• **What you need to do**:
Range to reproduce from the entries below: the line with "揃いのユニフォームを着た先生たちと出発式をして、バスに乗り込みました。", the line with "Имеют шаровидную форму", and every line in between. Give them exactly and give nothing else.

[[ Material to process, beginning ]]

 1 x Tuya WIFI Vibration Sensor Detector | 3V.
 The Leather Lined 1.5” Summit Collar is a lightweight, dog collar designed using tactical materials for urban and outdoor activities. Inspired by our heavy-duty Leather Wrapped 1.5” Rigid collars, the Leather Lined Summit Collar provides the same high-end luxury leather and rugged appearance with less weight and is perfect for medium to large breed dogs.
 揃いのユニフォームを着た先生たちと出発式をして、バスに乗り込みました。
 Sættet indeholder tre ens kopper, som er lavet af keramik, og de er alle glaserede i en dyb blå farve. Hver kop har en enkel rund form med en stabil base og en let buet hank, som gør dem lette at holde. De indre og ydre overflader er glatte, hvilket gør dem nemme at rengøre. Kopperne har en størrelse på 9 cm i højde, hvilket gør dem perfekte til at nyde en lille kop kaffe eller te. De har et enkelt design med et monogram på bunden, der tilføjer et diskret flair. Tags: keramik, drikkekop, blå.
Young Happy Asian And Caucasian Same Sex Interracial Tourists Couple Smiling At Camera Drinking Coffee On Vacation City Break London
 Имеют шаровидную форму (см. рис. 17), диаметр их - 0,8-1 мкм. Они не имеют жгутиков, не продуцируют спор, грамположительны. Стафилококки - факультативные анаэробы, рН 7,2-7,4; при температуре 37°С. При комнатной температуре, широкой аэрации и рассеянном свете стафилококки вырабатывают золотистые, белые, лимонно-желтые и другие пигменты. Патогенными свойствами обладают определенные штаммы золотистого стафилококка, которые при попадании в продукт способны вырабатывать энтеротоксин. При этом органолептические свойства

[[ Material to process, end ]]
[[ Material to process, beginning ]]

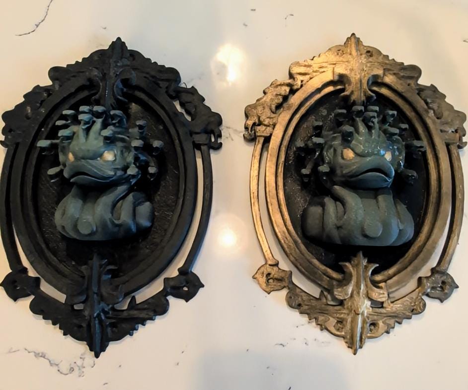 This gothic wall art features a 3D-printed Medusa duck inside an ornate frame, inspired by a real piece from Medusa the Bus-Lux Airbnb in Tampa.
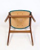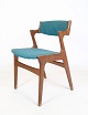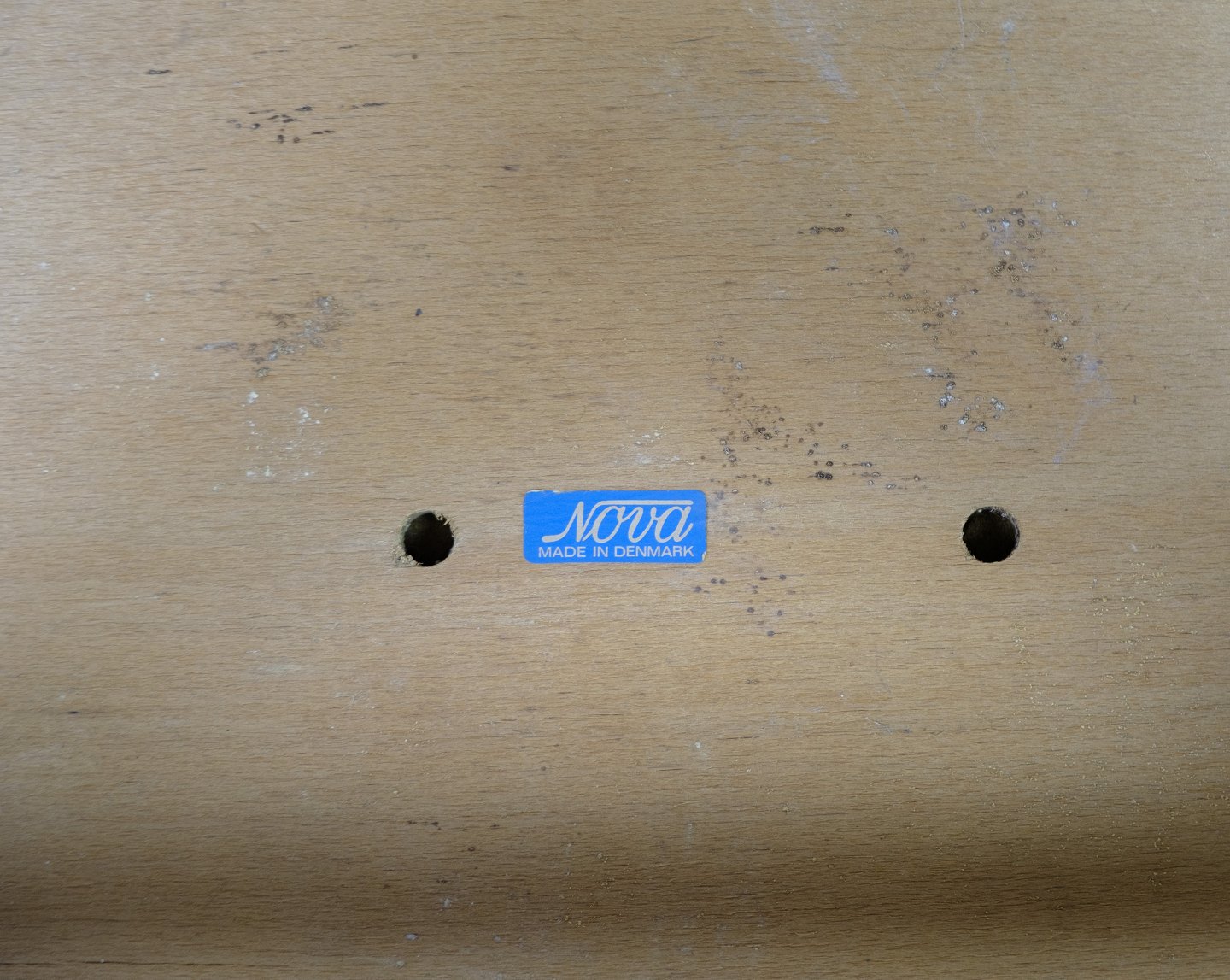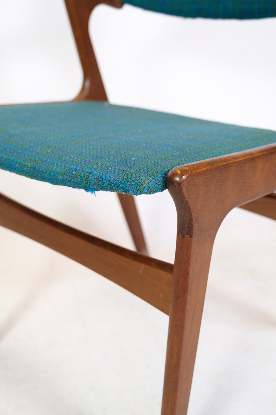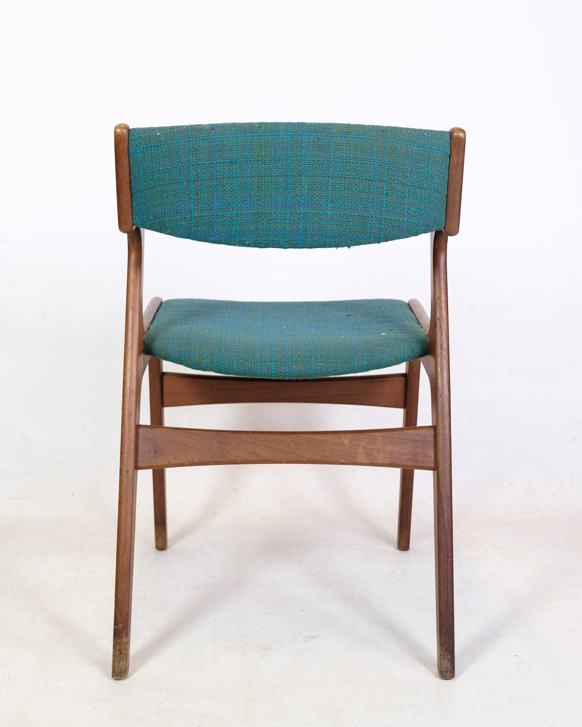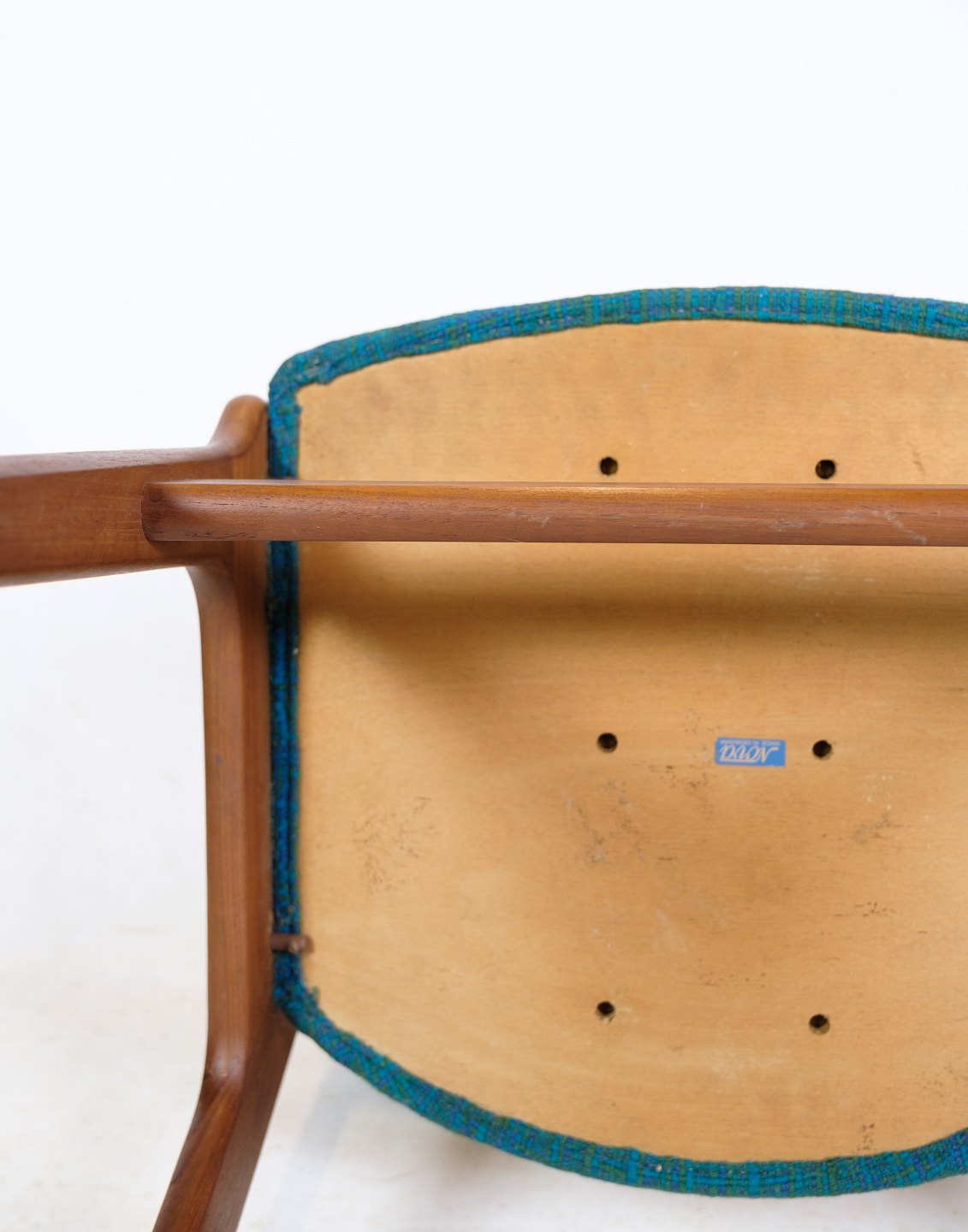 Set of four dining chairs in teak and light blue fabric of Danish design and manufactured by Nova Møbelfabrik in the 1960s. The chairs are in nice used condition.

[[ Material to process, end ]]

• **Output of the exercise**:
 揃いのユニフォームを着た先生たちと出発式をして、バスに乗り込みました。
 Sættet indeholder tre ens kopper, som er lavet af keramik, og de er alle glaserede i en dyb blå farve. Hver kop har en enkel rund form med en stabil base og en let buet hank, som gør dem lette at holde. De indre og ydre overflader er glatte, hvilket gør dem nemme at rengøre. Kopperne har en størrelse på 9 cm i højde, hvilket gør dem perfekte til at nyde en lille kop kaffe eller te. De har et enkelt design med et monogram på bunden, der tilføjer et diskret flair. Tags: keramik, drikkekop, blå.
Young Happy Asian And Caucasian Same Sex Interracial Tourists Couple Smiling At Camera Drinking Coffee On Vacation City Break London
 Имеют шаровидную форму (см. рис. 17), диаметр их - 0,8-1 мкм. Они не имеют жгутиков, не продуцируют спор, грамположительны. Стафилококки - факультативные анаэробы, рН 7,2-7,4; при температуре 37°С. При комнатной температуре, широкой аэрации и рассеянном свете стафилококки вырабатывают золотистые, белые, лимонно-желтые и другие пигменты. Патогенными свойствами обладают определенные штаммы золотистого стафилококка, которые при попадании в продукт способны вырабатывать энтеротоксин. При этом органолептические свойства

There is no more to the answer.